Single by Sal Da Vinci

from the album Per sempre sì
- Language: Italian; Neapolitan;
- Released: 25 February 2026
- Genre: Disco; funk; neomelodic;
- Length: 2:54
- Label: Atlantic; Warner;
- Composers: Salvatore Michael Sorrentino; Alessandro La Cava; Federica Abbate; Federico Mercuri; Giordano Cremona; Eugenio Maimone;
- Lyricists: Francesco Sorrentino; Alessandro La Cava; Federica Abbate;
- Producers: ITACA; Adriano Pennino;

Sal Da Vinci singles chronology
| "L'amore e tu" (2025) | "Per sempre sì" (2026) | "Cinque giorni" (2026) |

Music video
- "Per sempre sì" on YouTube

Eurovision Song Contest 2026 entry
- Country: Italy
- Artist: Sal Da Vinci
- Languages: Italian; Neapolitan;
- Composers: Salvatore Michael Sorrentino; Alessandro La Cava; Federica Abbate; Federico Mercuri; Giordano Cremona; Eugenio Maimone;
- Lyricists: Francesco Sorrentino; Alessandro La Cava; Federica Abbate;

Finals performance
- Final result: 5th
- Final points: 281

Entry chronology
- ◄ "Volevo essere un duro" (2025)

= Per sempre sì =

2026 song by Sal Da Vinci

"Per sempre sì" (/it/; "Forever Yes") is a song co-written and recorded by Italian singer Sal Da Vinci. It was released on 25 February 2026 through Atlantic and Warner Music Italy during Sanremo Music Festival 2026. After winning Sanremo, it represented Italy at the Eurovision Song Contest 2026 and finished in fifth place.
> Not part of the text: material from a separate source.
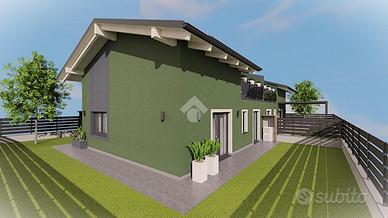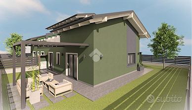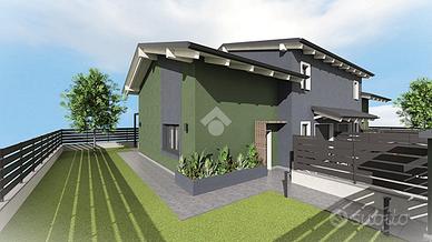 NUOVA COSTRUZIONE - PORZIONE SINISTRA DI UNA VILLA BIFAMILIARE CON SOPPALCO ALL'AMERICANA, BOX AUTO, GIARDINO SU TRE LATI DI 150MQ E TERRAZZO.
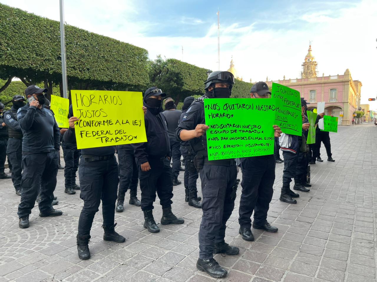 Pancartas como “Exigimos que si trabajamos horas extras se nos dé una remuneración”; “Condiciones respetables, humanas y dignas”, “Horarios justos”, “Exigimos que se respeten nuestros horarios 24X48”; entre otras consignas fueron mostradas por elementos municipales quienes se plantaron poco antes de las 7:00 de la mañana de este lunes afuera de las instalaciones de la Presidencia Municipal.

The song reached number two on the Italian singles chart, becoming his highest charting entry there, and also reached the top ten in Lithuania.

==Overview==
According to Da Vinci himself, the song is intended to be a hymn to universal love: "a declaration of love that knows no boundaries, labels, or barriers, capable of speaking to everyone, regardless of age, orientation, or personal history. [...] What I hope for is freedom for all. Freedom is not something trivial at all; it's about being free to live, to be yourself." In an interview with the newspaper Il manifesto, Sal Da Vinci described his song as follows: "Behind it, there is a message for the younger generations. Keeping promises is fundamental; it gives you balance. The song's story celebrates an eternal love, but the important thing is to plan one's future."

==Background==
"Per sempre sì" was written and composed by Da Vinci himself with Alessandro La Cava, Eugenio Maimone, Federica Abbate and Da Vinci's son Francesco Da Vinci, arranged by Adriano Pennino, and produced by Merk & Kremont. As stated in an interview given to Rockol, the song came about through Da Vinci's collaboration with Filippo Gemignano, an A&R representative at Warner Records. When the track was introduced to Warner, the label had a positive reaction to it, which encouraged Da Vinci to submit the song to the artistic director and presenter of the Sanremo Music Festival 2026, Carlo Conti.

== Duet version ==

On 9 July 2026, a bilingual Italian-Greek duet version featuring English Cypriot singer Antigoni Buxton was released under the title "Gia panta nai (Per sempre sì)" (Για πάντα ναι).

== Music video ==
The music video for "Per sempre sì", directed by Giuseppe Marco Albano, was published alongside the release of the song through Da Vinci's YouTube channel and featured the participation of Italian dancers Francesca Tocca and Marcello Sacchetta.

== Charts ==

Chart performance for "Per sempre sì"
| Chart (2026) | Peak position |
|---|---|
| Austria (Ö3 Austria Top 40) | 18 |
| Croatia International Airplay (Top lista) | 11 |
| Finland (Suomen virallinen lista) | 27 |
| Global Excl. US (Billboard) | 115 |
| Greece International (IFPI) | 2 |
| Italy (FIMI) | 2 |
| Italy Airplay (EarOne) | 3 |
| Lithuania (AGATA) | 4 |
| Malta Airplay (Radiomonitor) | 16 |
| Sweden (Sverigetopplistan) | 89 |
| Switzerland (Schweizer Hitparade) | 21 |
| UK Singles Sales (OCC) | 45 |

== Certifications ==

Certifications for "Per sempre sì"
| Region | Certification | Certified units/sales |
| Italy (FIMI) | Platinum | 200,000^{‡} |
^{‡} Sales+streaming figures based on certification alone.